— BRIEF —
Nothing but the lines from the first line of the entries through the line with "今回のリフォームのご依頼は、" should appear in the answer, transcribed exactly and free of pictures.

+===+

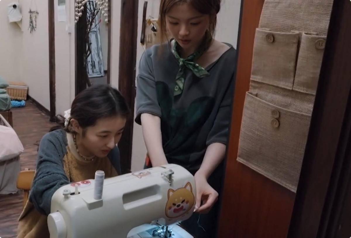 在教导张子枫使用缝纫机时,杨超越展现出令人意外的耐心。"轻轻扶着就好,别让它歪了。"她轻声指导的样子,让观众看到了一个完全不同的杨超越。没有精致的妆容,没有刻意的综艺感,只有最本真的生活状态——素颜、睡衣、敷着面膜,随口说着只带了两个蛋挞的日常琐事。
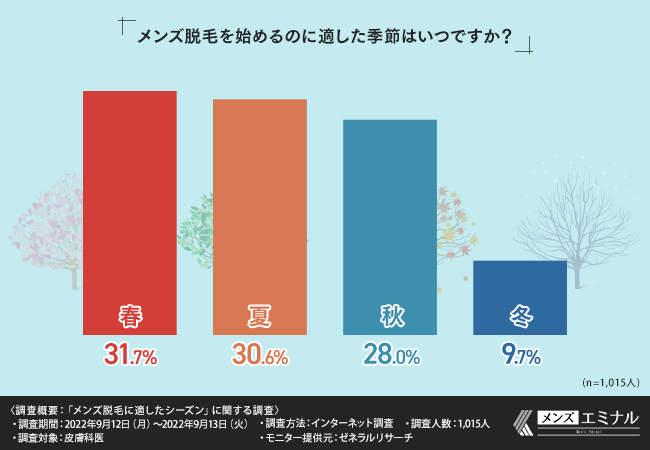 「メンズ脱毛を始めるのに適した季節はいつですか?」と質問したところ、『春(31.7%)』『夏(30.6%)』『秋(28.0%)』『冬(9.7%)』という結果となりました。
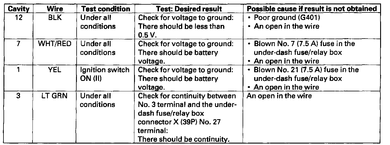Combination Switch Control Unit Input TestNOTE: Check the No.22 (120 A) No. 23 (50 A), No. 15 (40 A) fuse in the under-hood fuse/relay box before troubleshooting.
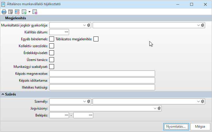 Funkció elérése menüszerkesztéskor: Bérszámfejtés / Listák belépéskor / Általános munkavállalói tájékoztató lista
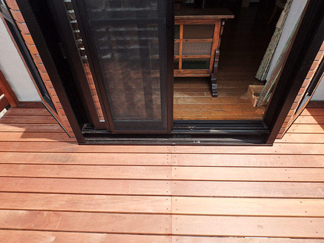 今回のリフォームのご依頼は、玄関ドアーの交換とリビング側にテラス(ウッドデッキ)を設けて、外に出られるようにしたいというご要望からリフォームの計画が始まりました。
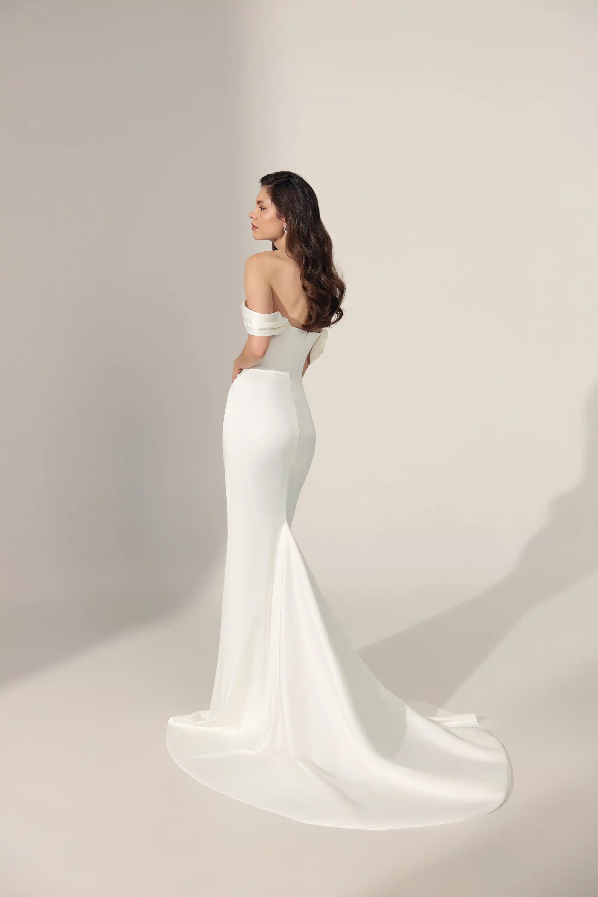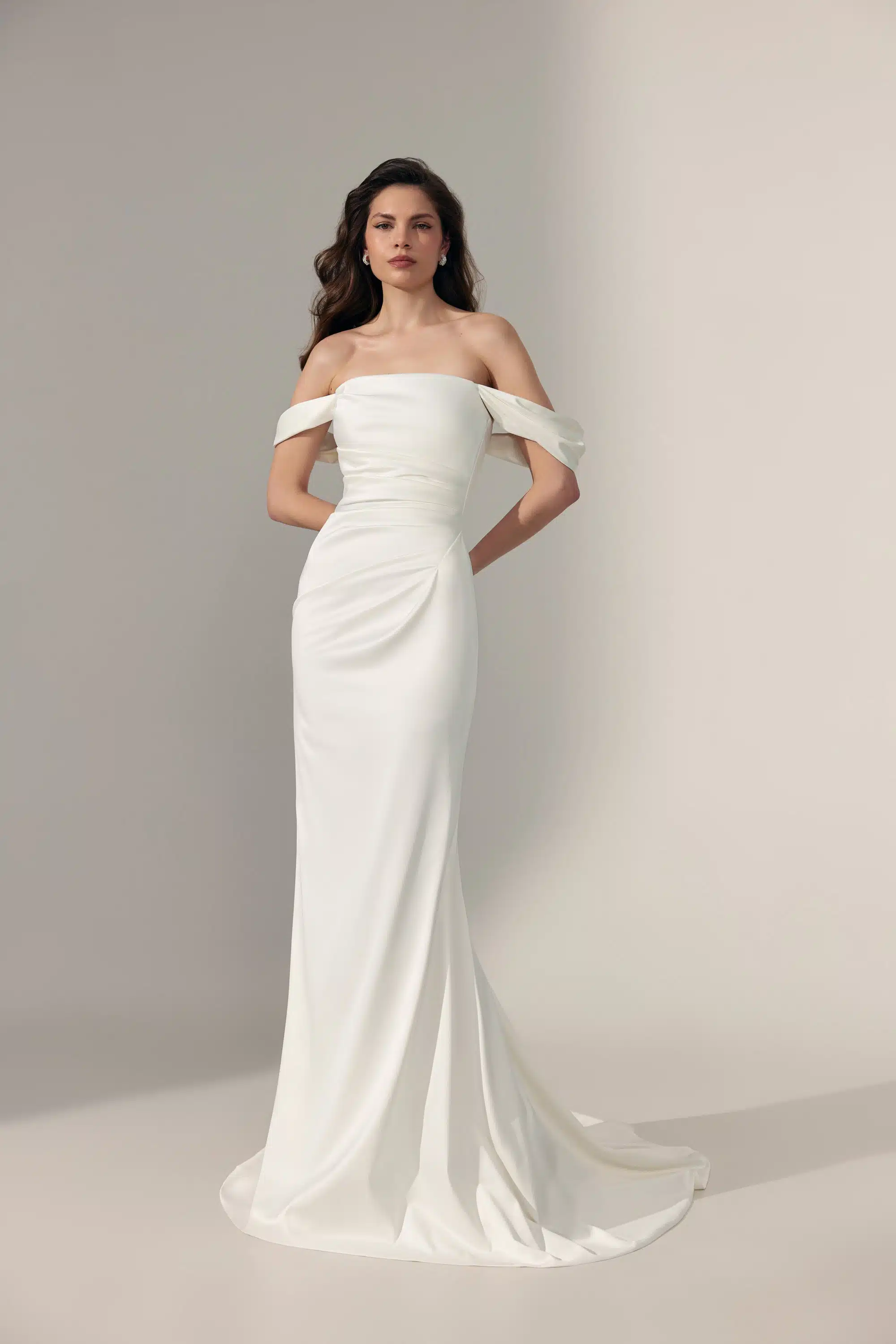 Ein minimalistisches Fit-&-Flare-Brautkleid, das moderne Eleganz neu definiert: Der gerade Ausschnitt und zarte Off-Shoulder-Träger setzen ein klares, zeitloses Statement. Dezente Raffungen an Taille und Bauch formen eine feminine Silhouette und sorgen für einen harmonischen, schmeichelnden Look. Ein Kleid für Bräute, die pure Ästhetik und stilvolle Zurückhaltung lieben.
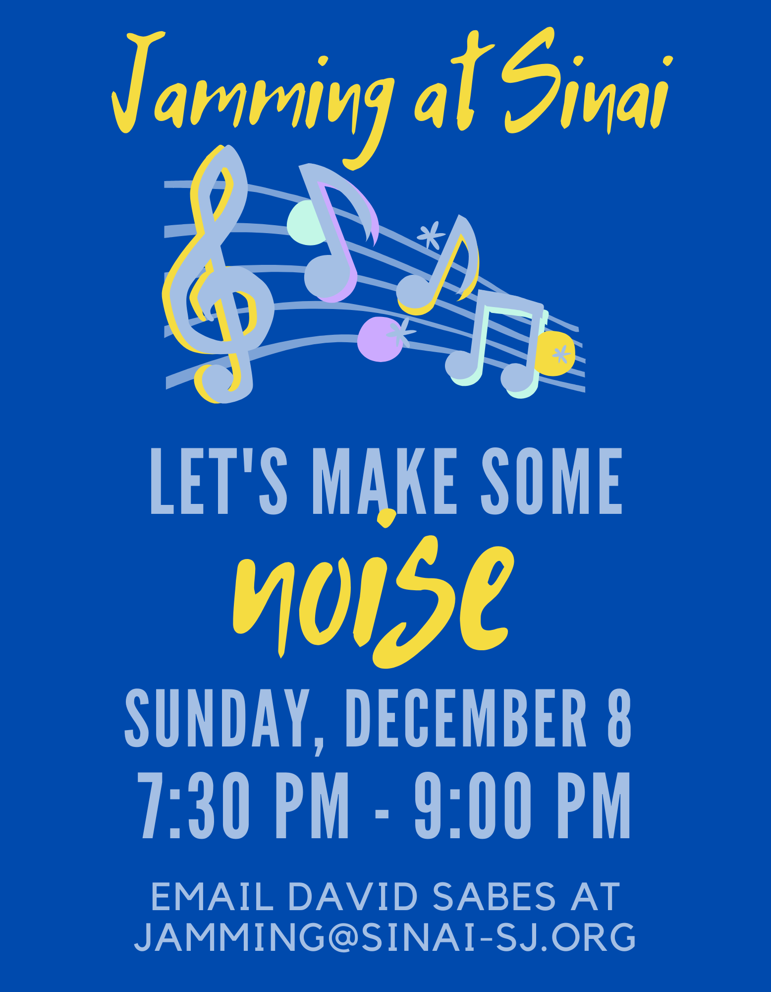 Sinai Music Jamming Group: Sunday, December 8 from 7:30 pm - 10:00 pm in the Social Hall. Be a part of Sinai's Music Jamming Group. Know how to play a musical instrument? Come ready to have fun and jam together. Singers also welcome to join. Interested? Please contact group leader David Sabes at jamming@sinai-sj.org.
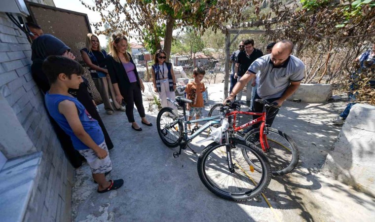 İzmir Büyükşehir Belediyesi, Yamanlar Dağı yangını sonrasında yangından etkilenen mahallelerdeki vatandaşların sorunlarına çözüm üretmeye devam ediyor. Bayraklı Onur Mahallesi’nde ikamet eden ve yangında bisikletleri yanan Şimşek ailesinin oğulları Oğuzhan ve Orhan’a sürpriz yapıldı. Büyükşehir ekipleri ziyarette iki miniğe yeni bisikletlerini teslim etti.
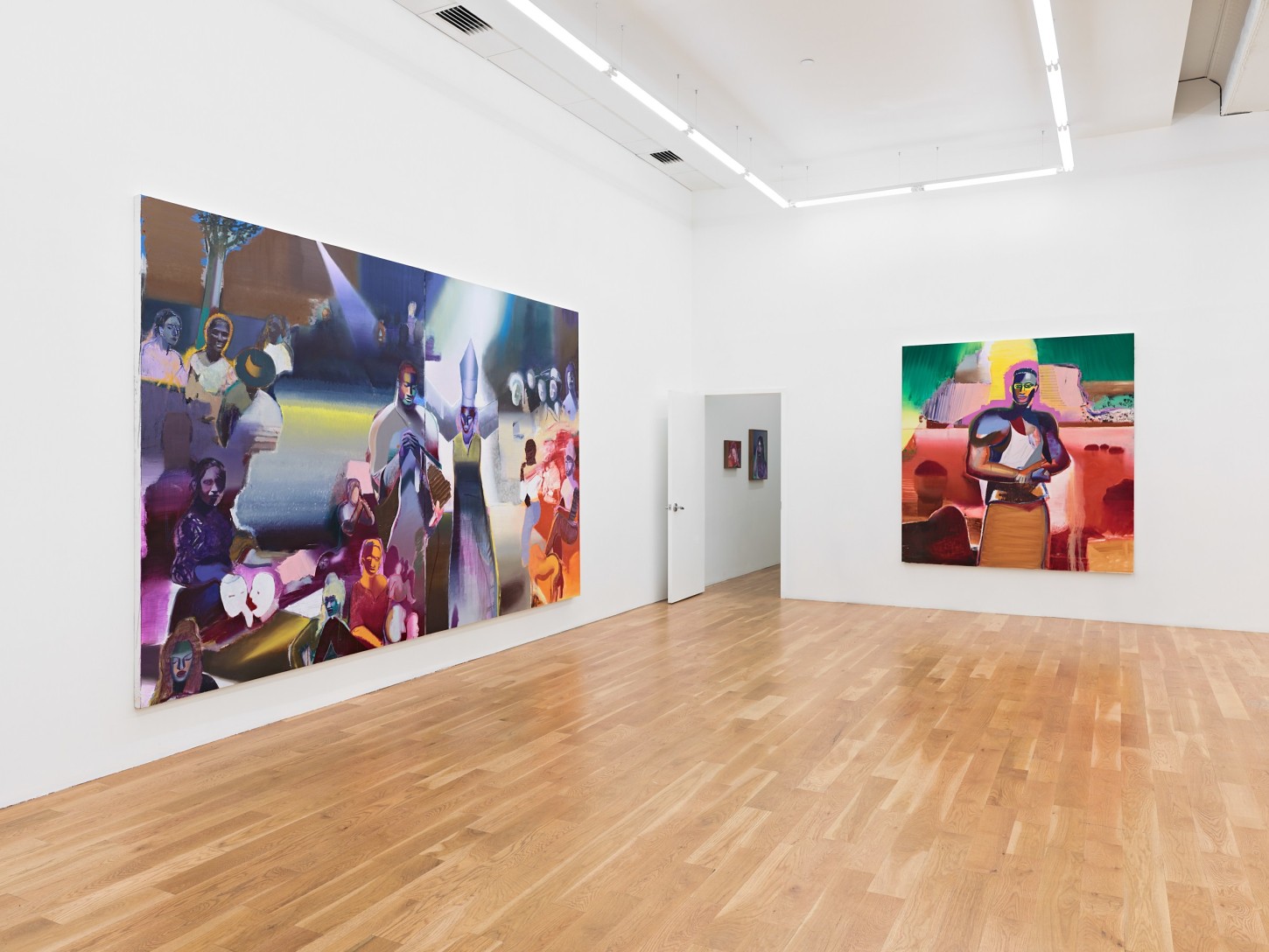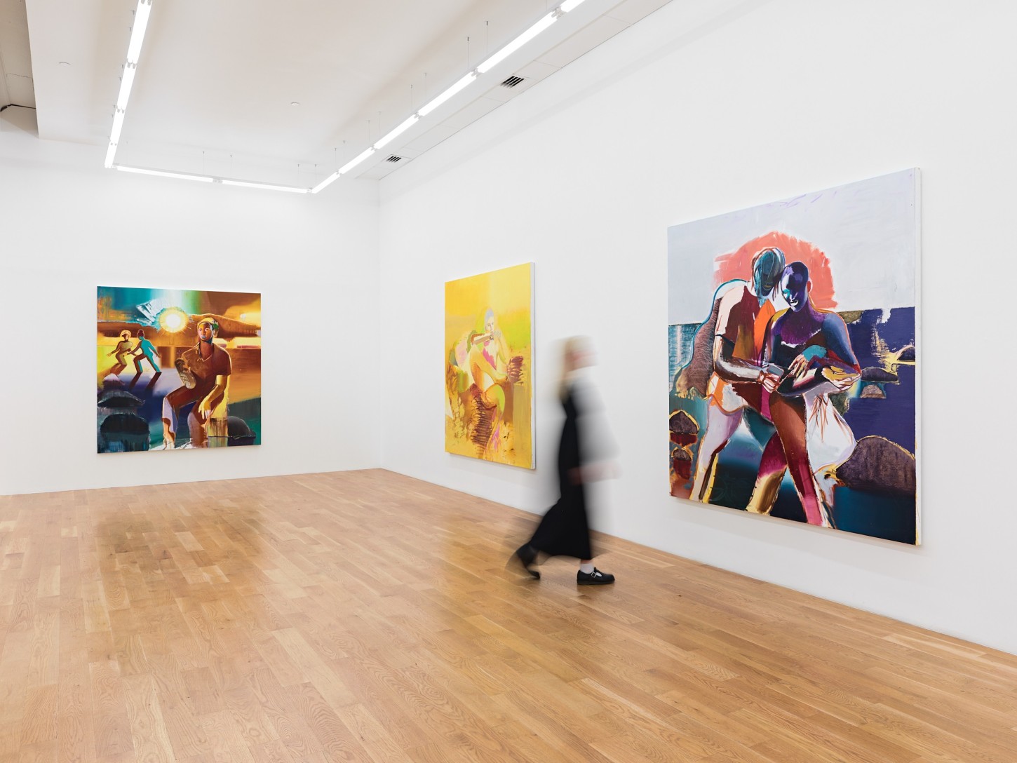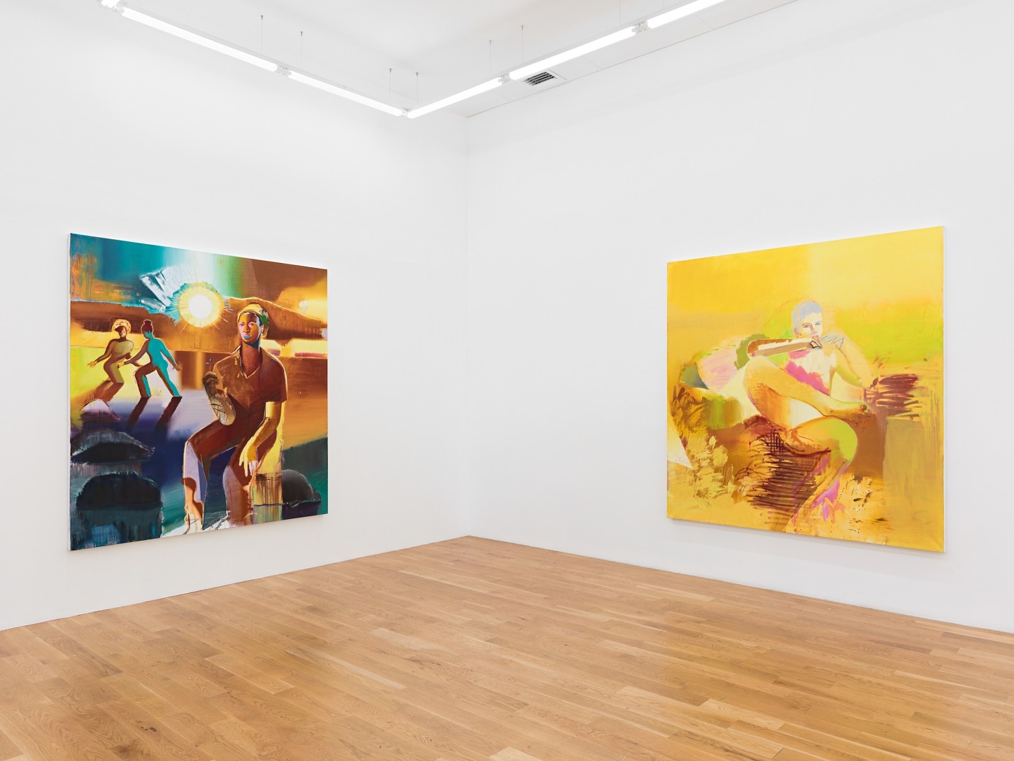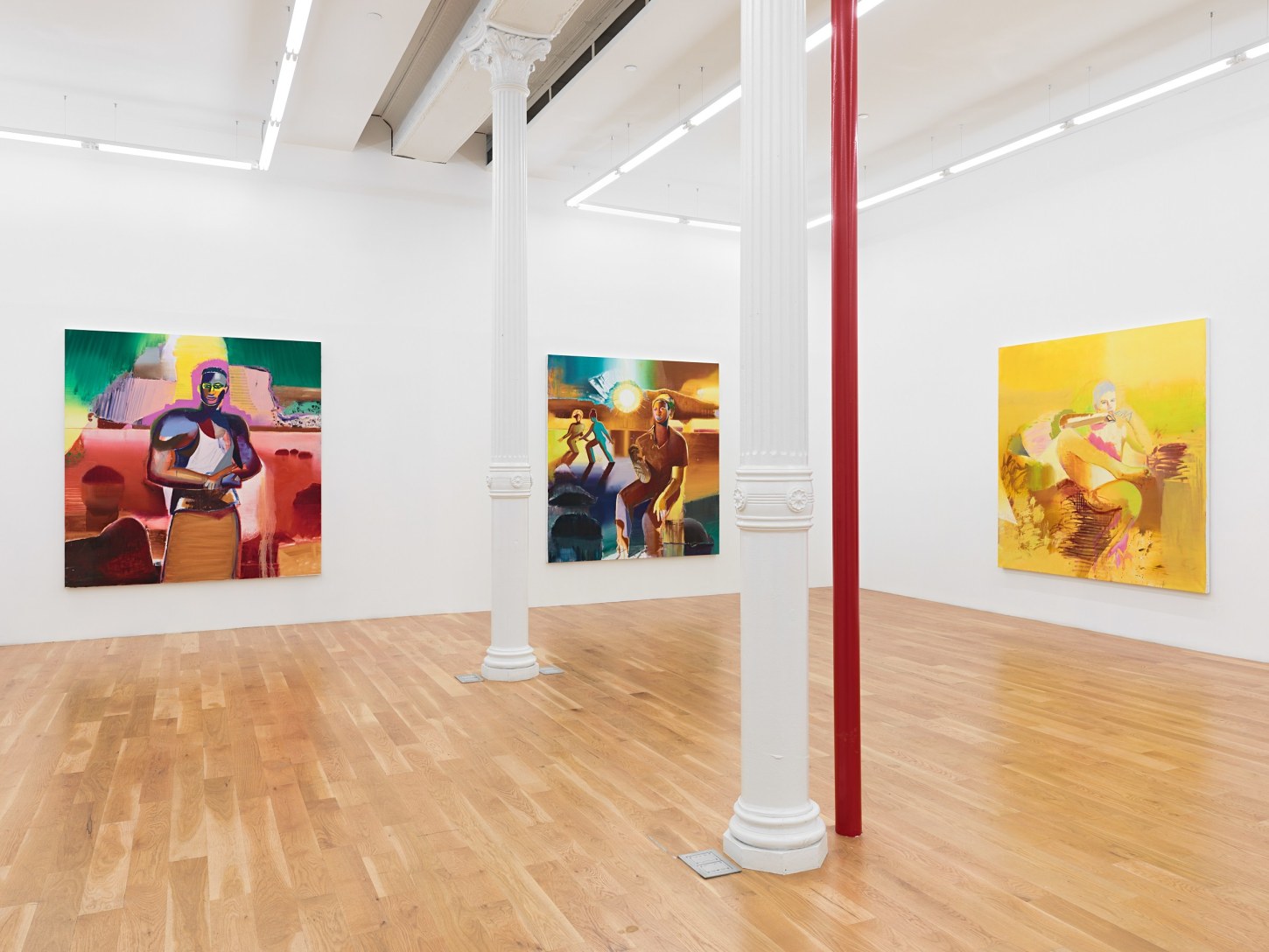 In Prayers, Divinations, Katherina Olschbaur’s fourth solo exhibition with Nicodim, the Austrian-born Los Angeles-based artist combines small portraits with large-scale paintings in her signature surrealist oeuvre, blending figuration and abstraction with sweeping gestural marks. Her drawings, though never included in an exhibition, are integral to Olschbaur’s practice, and form the backdrop of her fascination with Renaissance and Baroque-style paintings where themes of religious authority often take center stage. Leaning towards the freedom found in rebellion, she recenters our gaze giving grace and reverence to her figures. Colorful sketches reveal illuminating compositions in luscious oils. Abstract bodies leap off canvases and traverse into dark shadows in a series of electrifying hues. An ensemble of worlds collides where figures blend and reemerge in faraway landscapes only to be unearthed in the recesses of vivid imaginings. The narratives of each work are open ended suggesting layers of memory, lapses in time, and fleeting moments recaptured.
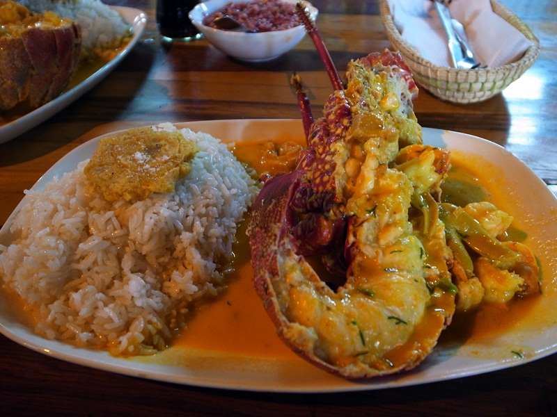 在Galapagos吃飯有點貴,尤其是在Santa Cruz近海邊的餐廳。向入走過三條街會發要有一條有不少大排檔的街,比較便宜但也十分好吃,龍蝦很化算。

+===+

— EXERCISE RESPONSE —
 在教导张子枫使用缝纫机时,杨超越展现出令人意外的耐心。"轻轻扶着就好,别让它歪了。"她轻声指导的样子,让观众看到了一个完全不同的杨超越。没有精致的妆容,没有刻意的综艺感,只有最本真的生活状态——素颜、睡衣、敷着面膜,随口说着只带了两个蛋挞的日常琐事。
 「メンズ脱毛を始めるのに適した季節はいつですか?」と質問したところ、『春(31.7%)』『夏(30.6%)』『秋(28.0%)』『冬(9.7%)』という結果となりました。
Combination Switch Control Unit Input TestNOTE: Check the No.22 (120 A) No. 23 (50 A), No. 15 (40 A) fuse in the under-hood fuse/relay box before troubleshooting.
 Funkció elérése menüszerkesztéskor: Bérszámfejtés / Listák belépéskor / Általános munkavállalói tájékoztató lista
 今回のリフォームのご依頼は、玄関ドアーの交換とリビング側にテラス(ウッドデッキ)を設けて、外に出られるようにしたいというご要望からリフォームの計画が始まりました。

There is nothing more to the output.